Your goal ▸
Set down every line from the one with "SELECTED COLLECTION OF" to the end of the entries, both ends included, exactly as it reads and without pictures.
Segment Start: Recorded data
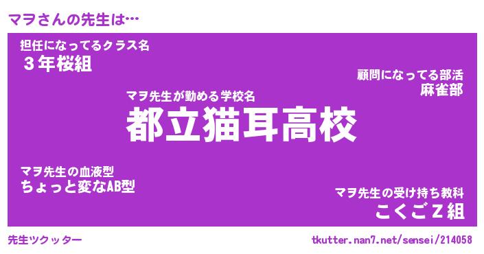 | ヘコむあだ名 | 『マヲにー』『酢こんぶ』『マヲ太郎』 |
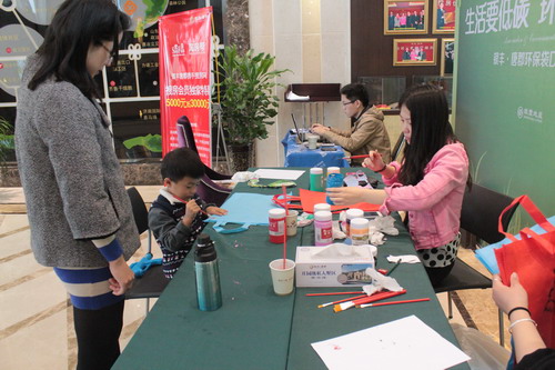 2014年4月19日-4月20日,銀豐地產(chǎn)集團(tuán)唐冶公司在銀豐·唐郡項(xiàng)目營銷中心舉辦了一場以“生活要低碳 ·環(huán)保‘袋’回家”為主題的環(huán)保手提袋DIY活動。
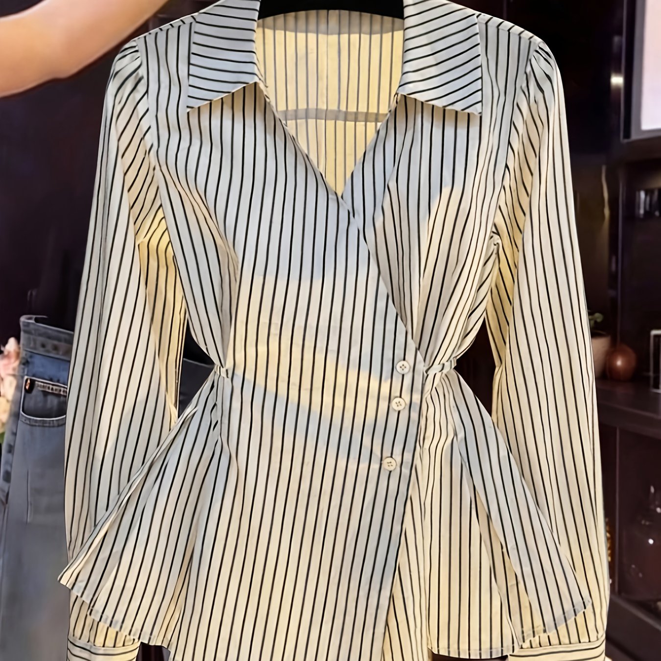 TEMU 여성용 캐주얼 심플 V넥 비대칭 셔츠, 루즈 플리츠 허리 셔츠, 랜턴 소매 긴팔 탑
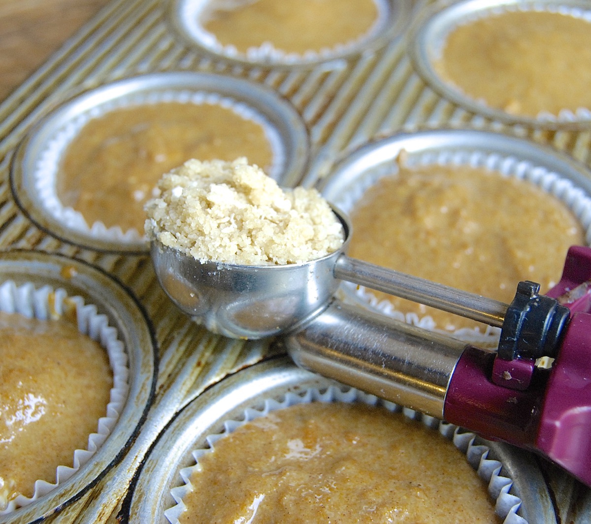 Well, there's that helpful tablespoon cookie scoop again! A heaping tablespoon scoop of streusel topping is the perfect amount for each muffin.
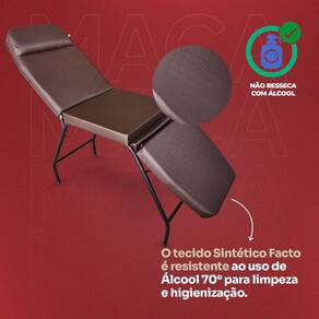 Modelo: maca 3 posições reclinável Estofado : de alta qualidade no tecido facto, o tecido facto é resistente ao uso de álcool 70 para limpeza e higienização. Material: estrutura aço com pintura eletrostática e mdf estofado Funcionalidade: ideal para estética, massagem, podologia e tattoo Dimensões: 75 alt. 54 larg. 180 comp. Cm Peso: 20 kg
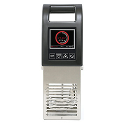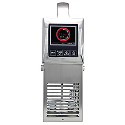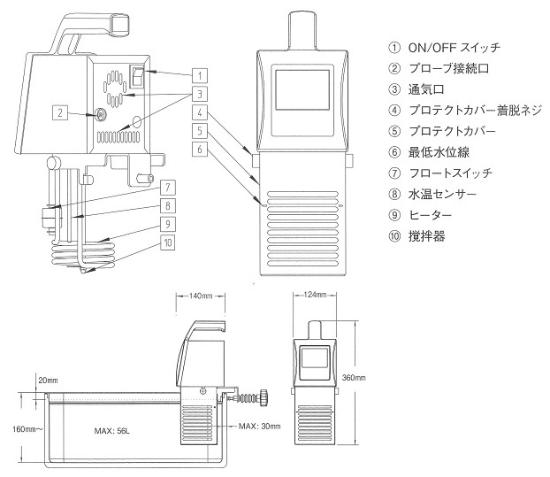 ■特長 優れた温度精度(+0.1℃)と温度ムラを生じさせない撹拌機能を有し、食材の質を維持しながら、味と風味を高めてくれます。メニューの幅が広がり、低温調理には欠くことのできないアイテムです。 ケータリングに適したコンパクトデザインで、取り回しに便利な持ち手を装備し、M2775V-6Aは外装に食品衛生法に対応したポリアミド(ナイロンの一種で、耐熱、耐衝撃性に優れる)を採用、M2775V-8Aは鏡面仕上げのステンレスを使用し、見た目にもこだわりを持たせたデザイン性の高い仕上がりになっています。 水位が最低ラインを下回った時は、加熱防止の安全装置が働き、ヒーター、攪拌モーターへの電流を遮断し、水量不足の警告表示と共に、アラーム音でも知らせてくれます。 ■各部名称&外寸図 ![]() ■仕様
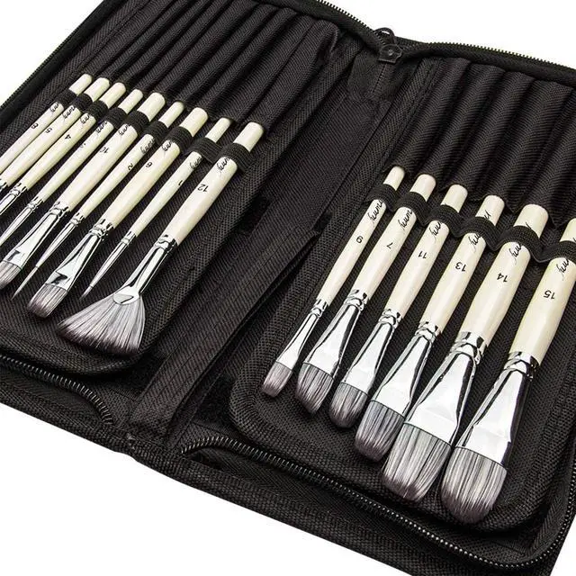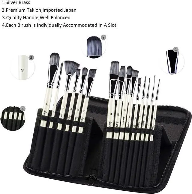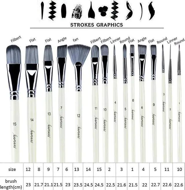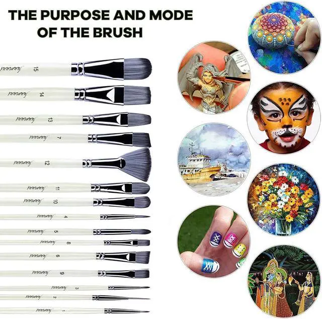 SELECTED COLLECTION OF SHAPES AND SIZES - 15 different shapes and sizes brushes as a set. along with a watercolor sponge, a palette knife. Angle brushes-6#, 7#; Round brushes-1#, 2#, 3#, 4#, 5#; Filbert brushes-15#, 11#, 10#; Flat brushes-14#, 13#, 8#, 9#; Fan brush-12#, 3/0#. The paint brush set could satisfy you whatever detailed painting or largest coat applications, every stroke will come to life.
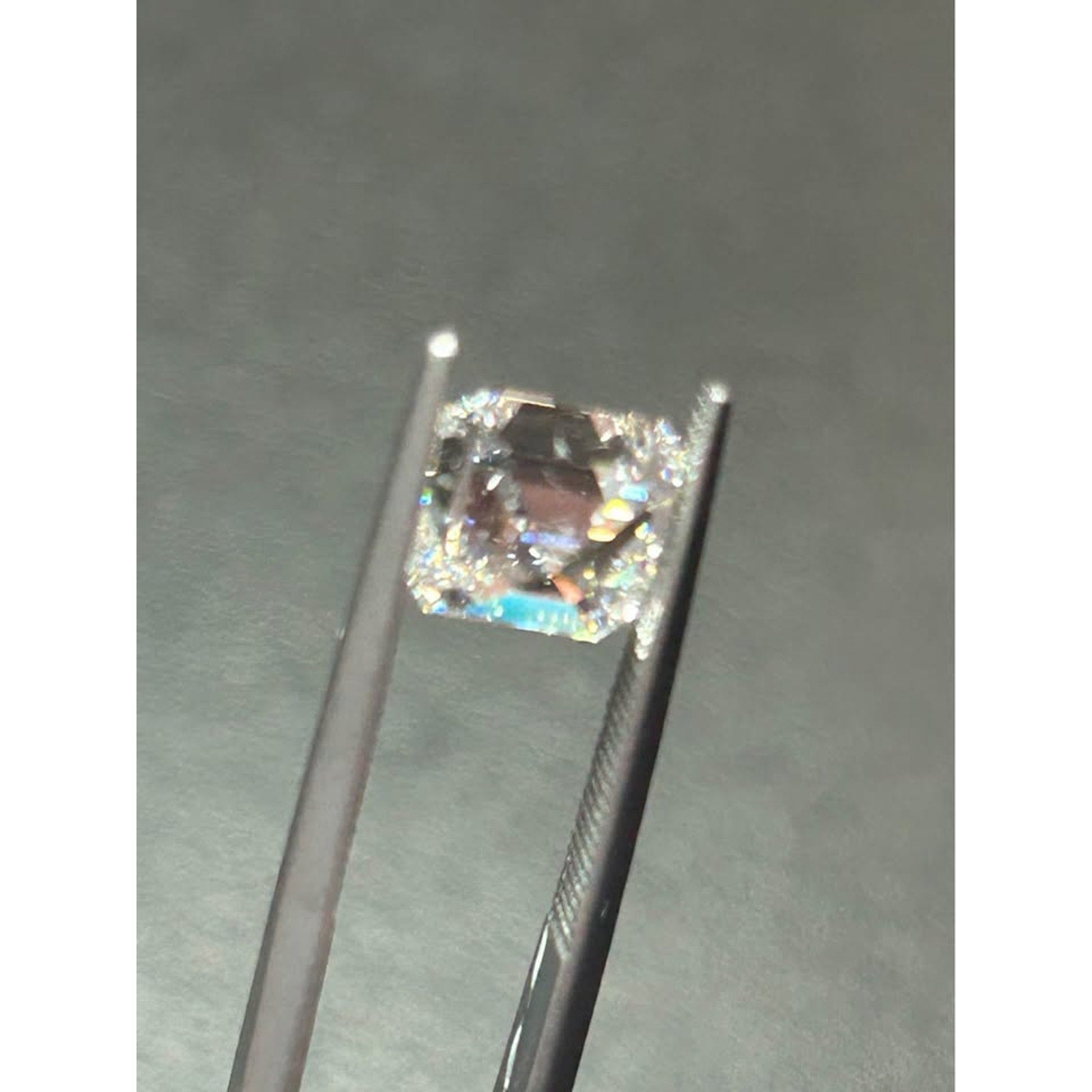 2.57 carat weight Asscher lab grown diamond. E color VVS2 clarity. IGI lab report.
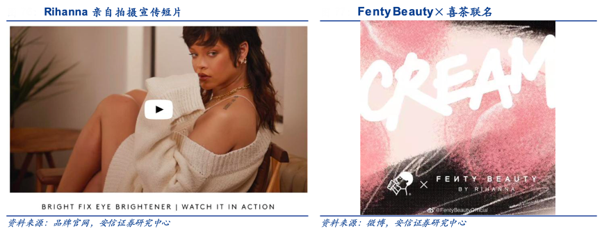 經(jīng)典案例:根據(jù)品牌官網(wǎng)、安信證券研究中心等綜合資訊表明,F(xiàn)enty Beauty 由流行天后 Rihanna 于 2016 年創(chuàng)立,隸屬 LVMH 集團(tuán)旗下,2019 年 9 月 Fenty Beauty 正式進(jìn)軍亞洲,開通了微博、微信公眾號(hào)、小紅書 等社交賬戶,同時(shí) Rihanna 登上《時(shí)尚芭莎》封面為品牌制造聲量。為本土化營(yíng)銷,2020 年 5 月 Fenty Beauty 和喜茶推出聯(lián)名產(chǎn)品,進(jìn)一步提高在中國(guó)年輕人中的知名度。
Segment End: Recorded data
Response below ▸
 SELECTED COLLECTION OF SHAPES AND SIZES - 15 different shapes and sizes brushes as a set. along with a watercolor sponge, a palette knife. Angle brushes-6#, 7#; Round brushes-1#, 2#, 3#, 4#, 5#; Filbert brushes-15#, 11#, 10#; Flat brushes-14#, 13#, 8#, 9#; Fan brush-12#, 3/0#. The paint brush set could satisfy you whatever detailed painting or largest coat applications, every stroke will come to life.
 2.57 carat weight Asscher lab grown diamond. E color VVS2 clarity. IGI lab report.
 經(jīng)典案例:根據(jù)品牌官網(wǎng)、安信證券研究中心等綜合資訊表明,F(xiàn)enty Beauty 由流行天后 Rihanna 于 2016 年創(chuàng)立,隸屬 LVMH 集團(tuán)旗下,2019 年 9 月 Fenty Beauty 正式進(jìn)軍亞洲,開通了微博、微信公眾號(hào)、小紅書 等社交賬戶,同時(shí) Rihanna 登上《時(shí)尚芭莎》封面為品牌制造聲量。為本土化營(yíng)銷,2020 年 5 月 Fenty Beauty 和喜茶推出聯(lián)名產(chǎn)品,進(jìn)一步提高在中國(guó)年輕人中的知名度。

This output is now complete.